I have already mentioned a lot above, and here is another point. Like planning for functional requirements, performance optimization is also oriented at business. Therefore, during performance optimization, you should accommodate the target requirements and application scenarios in case that the optimization is not needed in the production environment. Moreover, you can actually customize some complex optimizations based on traffic characteristics, instead of making general optimizations.
You should not make premature optimization or over optimization. In general, performance optimization is not a free lunch. The more optimizations you do, the worse the maintainability.
What are the common methods for performance optimization? I have summarized eight methods here. The last one is an all-in-one method.
Simply put, you can omit some operations.
Simply put, you can perform some operations together with other people.
Mode: parallel processing in standalone (multithreaded) or multi-node (distributed) mode.
Advantage: Machine resources (multiple cores and clusters) are fully utilized.
Disadvantage: synchronization overhead, thread overhead, and data skew.
Simply put, you can ignore some operations without waiting.

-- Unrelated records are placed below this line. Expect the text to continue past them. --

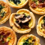 Keywords: mini quiche, quiche lorraine, spinach quiche, mushroom quiche, mediterranean quiche, appetizer, brunch, savory pastry, shortcrust pastry
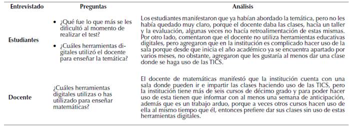 Ahora procederemos a realizar el análisis las entrevistas realizadas a los estudiantes y al docente de matemáticas, esta entrevista se realizó de manera no estructurada, el cual permite que los entrevistados den su opinión con respecto a una pregunta planteada y no limitarse a unas respuestas específicas.
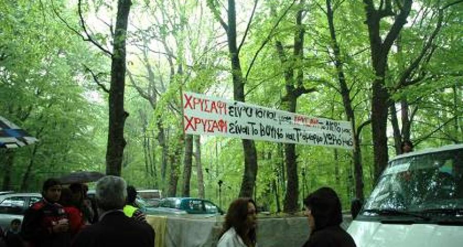 Γυναίκα κατηγορείται ότι αναρτούσε στο Ιντερνετ κείμενα κατά της εξόρυξης χρυσού, όπως επιστημονικές μελέτες καθηγητών του ΑΠΘ, ή αφίσες από τις εκδηλώσεις κατά της εξόρυξης που διοργάνωναν τα συντονιστικά των κατοίκων, ή αφίσες από εκδηλώσεις κατά της εξόρυξης, που διοργάνωναν ομάδες του αντιεξουσιαστικού χώρου.
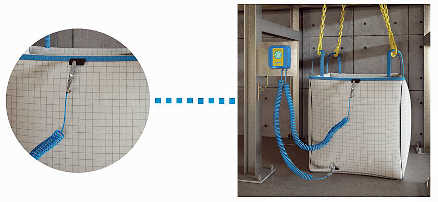 Il sistema di messa a terra elettronico MT40, costituito da un monitor dotato di display a LED e di un cavo con pinza, permette di garantire la sicurezza delle operazioni di carico e scarico dei big bags ed evita che polveri e granulati con conduttivi, trasferiti ad alta velocità, si carichino di elettricità statica dando luogo a pericolo di incendio e di esplosione.
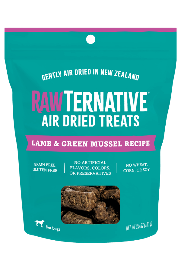 RawTernative Air‑Dried Lamb & Green Mussel Dog Treats deliver irresistible flavor in every tender, meaty bite. Made with grass‑fed New Zealand lamb, nutrient‑dense green mussel, and omega‑rich flaxseed, these treats are gently air-dried in New Zealand to lock in nutrients and natural taste. With no grains, gluten, artificial preservatives, flavors, or colors, they’re a clean, simple option for dogs and ingredient‑conscious pet parents.
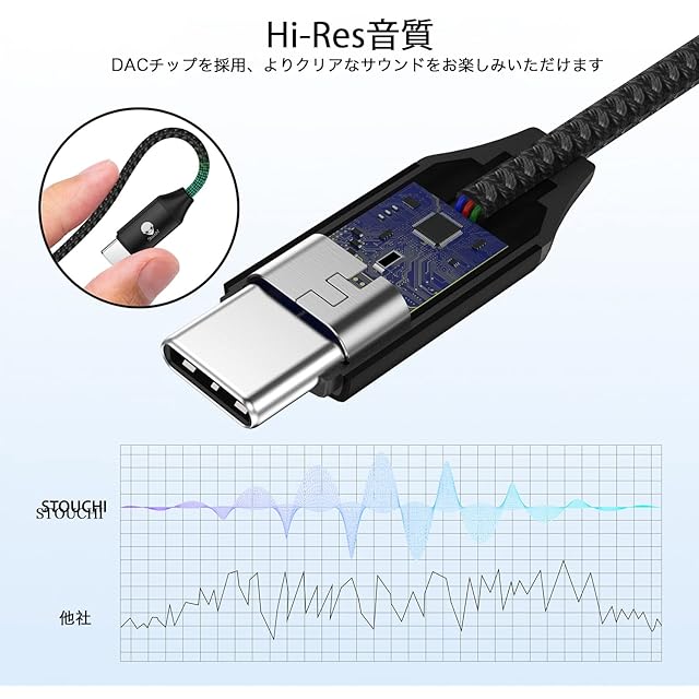【HI RES対応】タイプC イヤホン 変換 アダプタはチップが内蔵され、48KHz/16bit オーディオ出力を提供し、高レート、高解像度、騒音減らし、音声の損失をできる限り最小限に抑え、イヤホンの純正音質を再現しています。
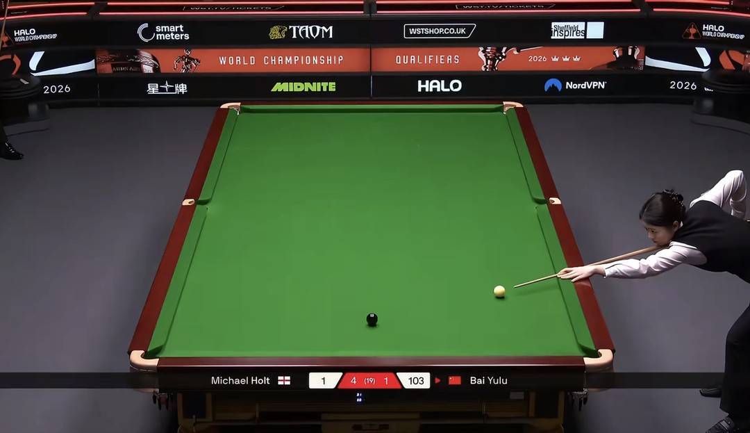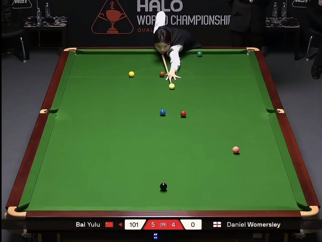 白雨露在2026斯诺克世锦赛资格赛比赛中,首场比赛打出单杆破百。视频截图
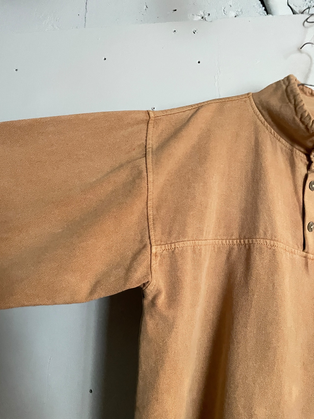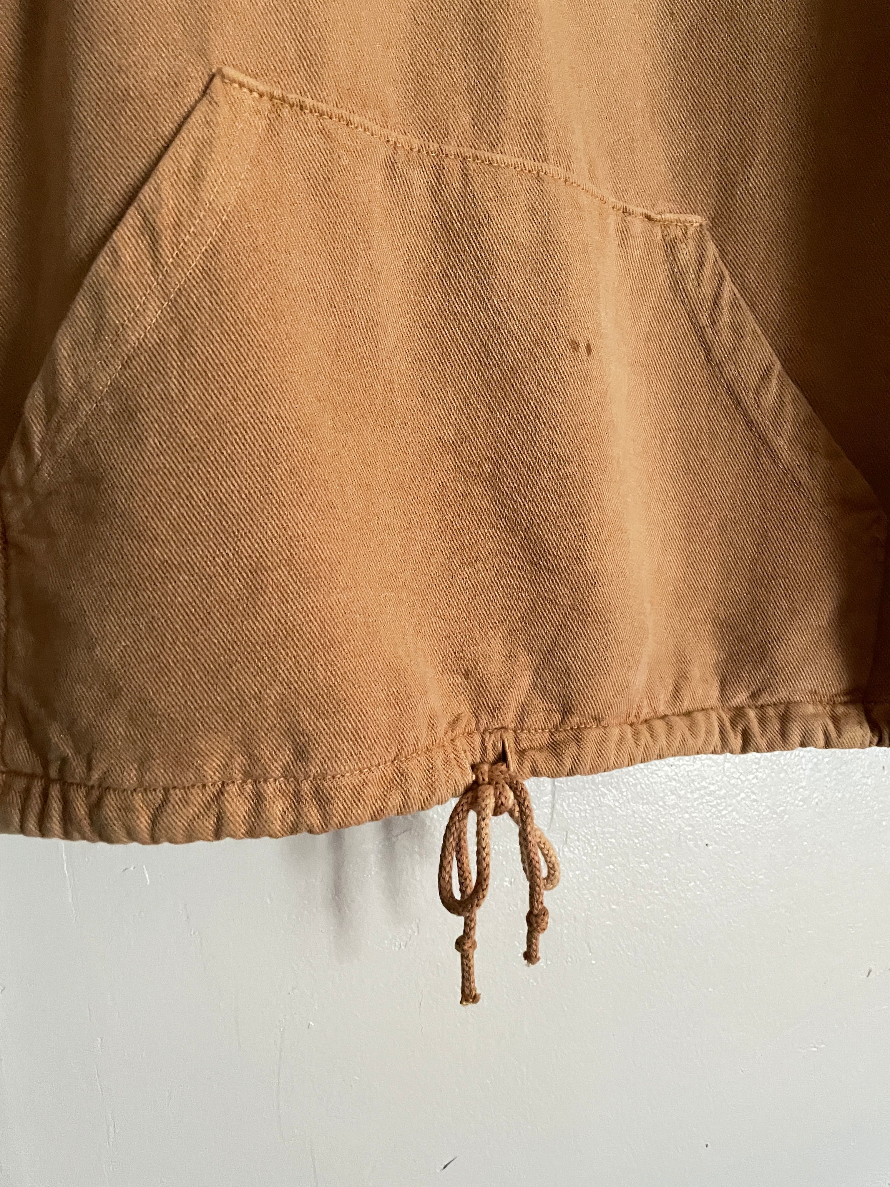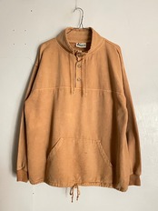 やや褪せたブラウンカラーで、大きめなカンガルーポケット付きの、プルオーバースウェット。ネックは高めでボタン付きの面白いディテール。裾、ネックにはドローコード付きで、縛って着てもお洒落かと思います。ゆったりとしたサイズ感で、ラフに着られて、スタイリングが一枚で決まりそうな一着です。カナダ製なのもポイントが高いです。
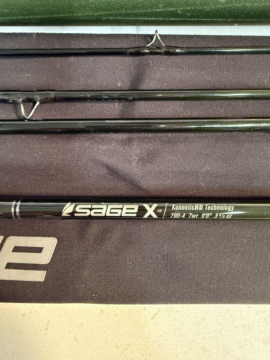 NEAR NEW, TOP OF THE LINE SAGE X FLY ROD, 9FT, 7WT, 4 PIECE
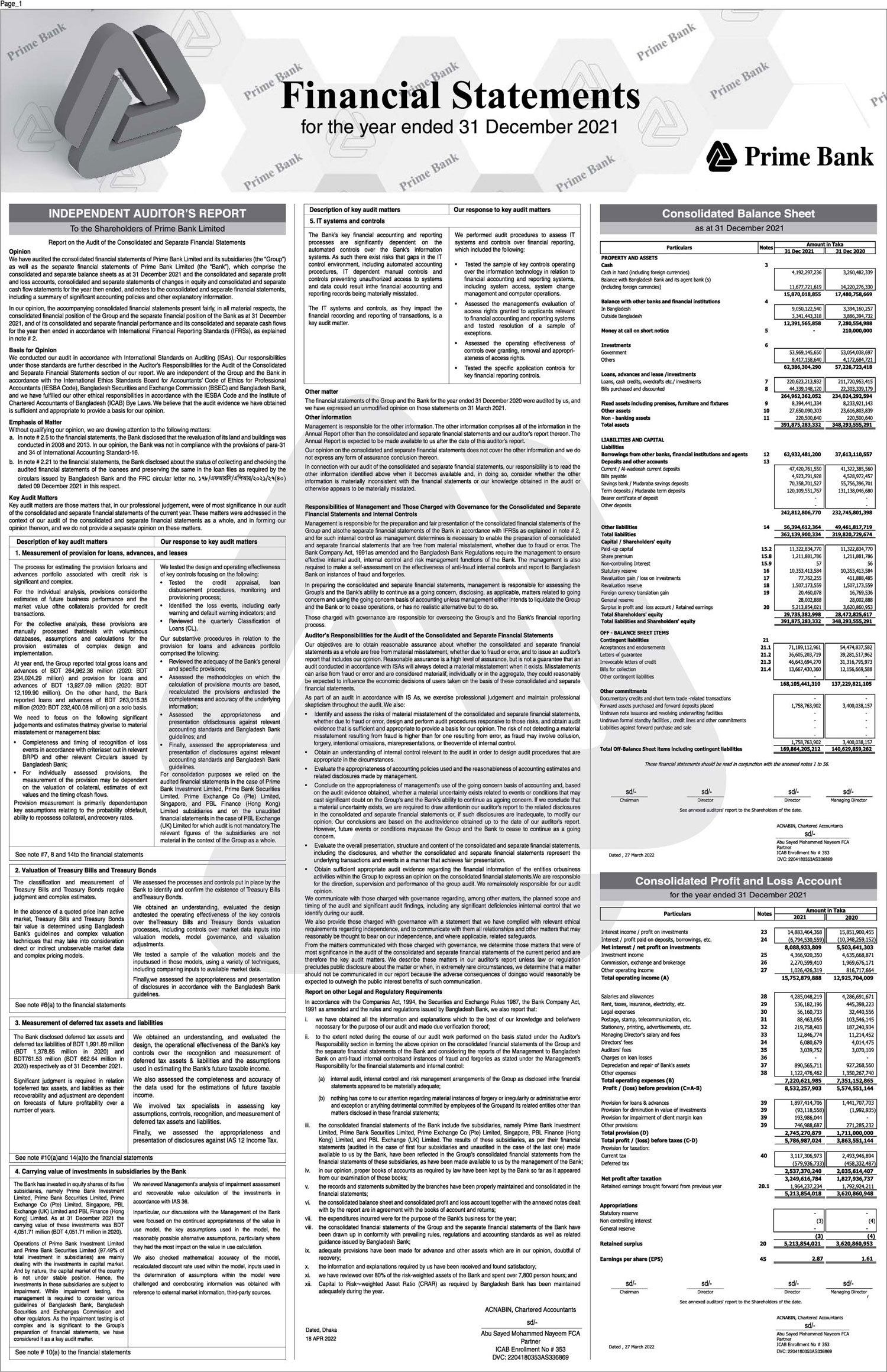 Half Yearly Un-audited Financial Statements of Prime Bank

Mode: message queue + task thread + notification mechanism.
Advantage: The throughput, component decoupling, and load shifting are improved.
Disadvantage: queuing delay (queue backlog).
Excessive backlog avoided: back-pressure (reactive thinking).
Simply put, you can combine some operations.
Mode: multiple single operations combined into a single batch operation.
Example: TCP Nagel algorithm and batch read/write API of a database.
Advantage: Inherent overheads of single operations are avoided, reducing the total overheads.
Disadvantage: waiting delay + aggregation delay.
You have to choose between time and space.
Exchange space for time: Avoids repeated computation, shortens the transmission distance, and reduces pressure through offloading.
Exchange time for space: This sometimes can make the system faster. For example, the data volume is reduced, and therefore the data transmission time is shortened.
(6) Data structure and algorithm optimization
Program = Data structure + Algorithm
Sharing economy & community supermarket
Pooling: Reduces resource creation and deletion overheads.
Localization: Avoids overheads resulting from contention for shared resources.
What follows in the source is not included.